Das Dumme daran: Solche Situationen werden bei den meisten Lesern in Zukunft häufiger stattfinden, denn die Gedächtnisleistung nimmt mit dem Alter tendenziell ab. Die gute Nachricht: Man weiß jetzt zumindest, warum das so ist.
Ablenkung und Aufmerksamkeit
Ein Forscherteam um Adam Gazzaley fand heraus, dass das mit der Unfähigkeit zu tun hat, belanglose Informationen zu filtern - und nicht etwa mit einer gestörten Aufmerksamkeit. Das klingt zwar so, als wären das zwei Arten, ein und dasselbe auszudrücken, doch aus Sicht des Gehirns sind unterdrückte Ablenkung und erhöhte Aufmerksamkeit offenbar unterschiedliche Dinge.

Wie die Forscher vor kurzem berichteten, kann man diese beiden Aspekte mittels funktioneller Kernspinresonanztomographie, kurz: fMRI, unterscheiden (Journal of Cognitive Neuroscience 17, S. 507).

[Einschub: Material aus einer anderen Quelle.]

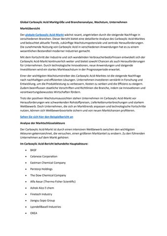 Global Carboxylic Acid Marktgröße und Branchenanalyse, Wachstum, Unternehmen

Diese Methode wendeten Gazzaley und seine Mitarbeiter nun an, um etwaige Unterschiede zwischen jungen (19-30 Jahre) und älteren Personen (60-77 Jahre) sichtbar zu machen.
Gedächtnistest mit Bildern
 
Bild: Gazzaley et al./Nature Neuroscience

Dabei legten sie den Testpersonen eine Reihe von Bildern vor und wiesen sie an, entweder nur die dargestellten Gesichter in Erinnerung zu behalten und die Naturszenen zu ignorieren - oder genau umgekehrt zu verfahren (Bild oben). Danach wurde die Merkfähigkeit der Probanden getestet und ihre Gehirnaktivität mittels fMRI aufgezeichnet.
Senioren blenden wenig aus
Junge Probanden zeigten bei der Erinnerung an Gesichter eine erhöhte Erregung in bestimmten Bereichen der Großhirnrinde (Teile des Gyrus parahippocampalis und lingualis), die offenbar die Aufmerksamkeit dafür steuern. Gleichzeitig wurden jene Areale, die mit der Verarbeitung von Naturbildern befasst sind, inaktiviert. Das Ergebnis fiel - wie erwartet - vice versa aus, wenn die Naturszenen Ziel des Gedächtnistrainings gewesen waren.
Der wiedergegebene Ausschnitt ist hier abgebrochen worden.